When Megillos takes off the wig, he performs a moment of re-embodiment. Drawing on transgender literary theory, I define re-embodiment as an intentional change of outward appearance that forces viewers to reevaluate their understanding of the re-embodied person’s symbolic place (Prosser; Mascia-Lees; Mowat). Viewing this re-embodiment opens a semiotic gap, which is only closed after a reevaluation of its significance. Semiotic gaps always cause ruptures, and in dialogue 5, the semiotic gap caused by Megillos’s re-embodiment breaks the narrative into two parts. The first focuses on female homosexuality and destabilizes masculinity, while the second reinscribes masculinity by transforming a scene which defies male expectations—as the three women are outside of the active/passive dichotomy (Beohringer 2014; Bissa; Gilhuly)—into one between a ‘male’ and female acting within prescribed norms.

Lucian emphasizes this semiotic gap by using multiple narrative tools: first, after Megillos’ re-embodiment, Demonassa disappears from the dialogue, which recasts the threesome into a normative heterosexual encounter; second, as a male client Megillos must re-initiate his pursuit of Leaina; and finally, re-embodiment transforms the sex-scene into a mock philosophical dialogue (Gilhuly).

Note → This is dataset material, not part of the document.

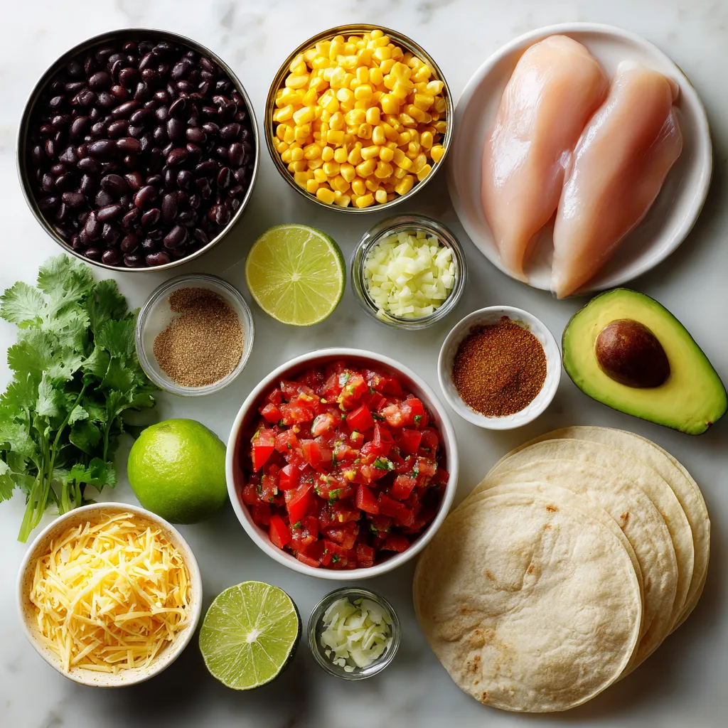 - 1.5 lbs boneless, skinless chicken breasts - 1 can (15 oz) black beans, rinsed and drained - 1 can (15 oz) corn, drained - 1 can (10 oz) diced tomatoes with green chilies The base of my crockpot chicken tacos is simple yet full of flavor. I always start with boneless, skinless chicken breasts. They cook well and shred easily. Next, I add black beans and corn. They bring a hearty texture and add fiber. Diced tomatoes with green chilies give a nice kick. The juice from these tomatoes keeps everything moist and tasty. - 2 tablespoons taco seasoning - 1 teaspoon cumin - Juice of 1 lime - Fresh cilantro, for garnish - Optional toppings: Avocado slices, shredded cheese Seasonings are key in this dish. Taco seasoning and cumin add depth to the chicken. A squeeze of lime juice brightens the flavors. Once the tacos are ready, I like to top them with fresh cilantro. It adds a pop of color and taste. For a richer bite, I recommend adding avocado slices or shredded cheese. These toppings make the meal even more satisfying. {{ingredient_image_1}} To make your crockpot chicken tacos, start by layering your ingredients. Place the boneless, skinless chicken breasts at the bottom of the crockpot. This helps the chicken stay moist. Next, add the finely chopped onion and minced garlic over the chicken. Then, add the rinsed black beans, drained corn, and diced tomatoes with their juice on top. For chopping, use a sharp knife for even pieces. This helps all the flavors mix well. Measure the taco seasoning and cumin carefully. A good balance of spices makes your dish pop with flavor. Set your crockpot to low for a long, slow cook. This allows the chicken to become very tender. You can also set it to high if you are short on time. Cooking on low takes about 6 to 8 hours. If you choose high, it will only take 3 to 4 hours. Just make sure the chicken reaches an internal temperature of 165°F. Once the chicken is cooked, it’s time to shred it. Use two forks to pull the chicken apart easily. You can also use a hand mixer for quicker shredding. After shredding, mix the chicken back into the sauce in the crockpot. For serving, warm your tortillas in a pan for a few seconds. Fill each tortilla with the chicken mixture. Top with fresh cilantro, avocado slices, and shredded cheese if you like. Enjoy your savory tacos! To keep your chicken tender, use boneless, skinless breasts. They cook evenly and stay juicy. Add lime juice before cooking. This will help tenderize the meat. Make sure not to overcook it. When chicken is dry, it loses flavor. Adjusting seasoning is easy. After cooking, taste the mixture. If it needs more spice, sprinkle in extra taco seasoning. Add a pinch of salt to bring out the flavors. You can also stir in fresh cilantro for a burst of freshness. Preparing your ingredients ahead of time saves you hassle. Chop the onion and garlic the night before. You can even mix the taco seasoning with the other spices early. This way, everything is ready to go when you start cooking. Shredding chicken can take time, but there are quick methods. Use two forks to shred it in the crockpot. If you're short on time, try using a hand mixer. Just be careful not to over-shred; you want it chunkier, not mushy. Pro Tips Choosing the Right Chicken: Opt for organic or free-range chicken for better flavor and texture. Customize Your Spice Level: Adjust the amount of taco seasoning and add jalapeños if you like it spicy. Prep Ahead: You can prepare the ingredients the night before and store them in the fridge for a quick morning prep. Serving Suggestions: Serve with lime wedges on the side for a zesty kick and extra fresh cilantro for garnish. {{image_2}} You can switch up the beans in this dish. Try pinto beans or chickpeas for a new taste. You can also add more veggies. Bell peppers, zucchini, or spinach work well. For a dairy-free option, skip the cheese. Use guacamole or a dairy-free sour cream instead. Want to add some heat? Toss in sliced jalapeños to the slow cooker. They will bring a nice kick. You can also use other spices for more flavor. Try smoked paprika or chili powder. These spices will elevate the taste of your tacos. Experimenting with spices is a fun way to make this dish your own! Store leftovers in an airtight container. This keeps the chicken moist and fresh. Place the chicken mixture in the fridge within two hours of cooking. It lasts up to three days in the fridge. Before serving, check for any off smells or changes in texture. To freeze the chicken mixture, let it cool completely first. Transfer it to a freezer-safe bag. Remove as much air as possible and seal it tightly. You can freeze it for up to three months. When ready to eat, thaw it overnight in the fridge. For reheating, place the mixture in a pot over low heat. Stir until it’s warmed through. You can also use the microwave, heating in short bursts. Stir in between to avoid hot spots. Serve it with fresh tortillas and toppings for a quick meal. Can I use frozen chicken breasts? Yes, you can use frozen chicken breasts. Just add an extra hour to the cooking time. This will help ensure it cooks through safely. I often use frozen chicken for quick meals. It saves time and still tastes great. What type of tortillas are best for serving? Corn tortillas work best for these tacos. They have a nice flavor and hold up well. You can also use flour tortillas if you prefer a softer bite. Just warm them before filling for the best taste. How can I make this recipe spicier? To spice it up, add sliced jalapeños or extra taco seasoning. Chipotle powder is another great choice for a smoky heat. You can also serve with hot sauce to let everyone add their own spice. Caloric breakdown per serving Each serving has about 300 calories. This makes it a tasty and filling meal without being too heavy. Key nutrients in the recipe This dish is rich in protein from the chicken and beans. It also has fiber from the black beans and corn. Plus, tomatoes add vitamins A

At first, Megillos and Leaina’s conversation does destabilize masculinity: Megillos claims that he does not need a penis to be a man, and instead possesses something else. (ἔχω γάρ τι ἀντὶ τοῦ ἀνδρείου [5.4]). In the end, however, Megillos’s attempt to perform masculinity fails.

Within Dial. meret., competition between the hetairai and their clients abounds (Shreve-Price), but Leaina’s complete control over Megillos still stands out. Throughout the economic negotiation and the subsequent sexual encounter (5.4), the re-embodied Megillos fails to even live up to the standards expected of a νεανίσκος (a young man): Lucian uniquely employs several verbs with emasculating connotations (ἱκετεύω, ἀσθμαίνω [5.4]) implying that Megillos’s masculine performance has failed. And Lucian also draws attention to Leaina’s clear economic victory over Megillos, pointing out the exorbitant gifts she receives from him (5.4). By demonstrating Megillos’s shortcomings, Lucian emphasizes the penis’s essential role in properly enacting masculinity and confirms the impossibility of Megillos’s re-embodiment. While Leaina treats Megillos like a man, in the end he just doesn’t measure up.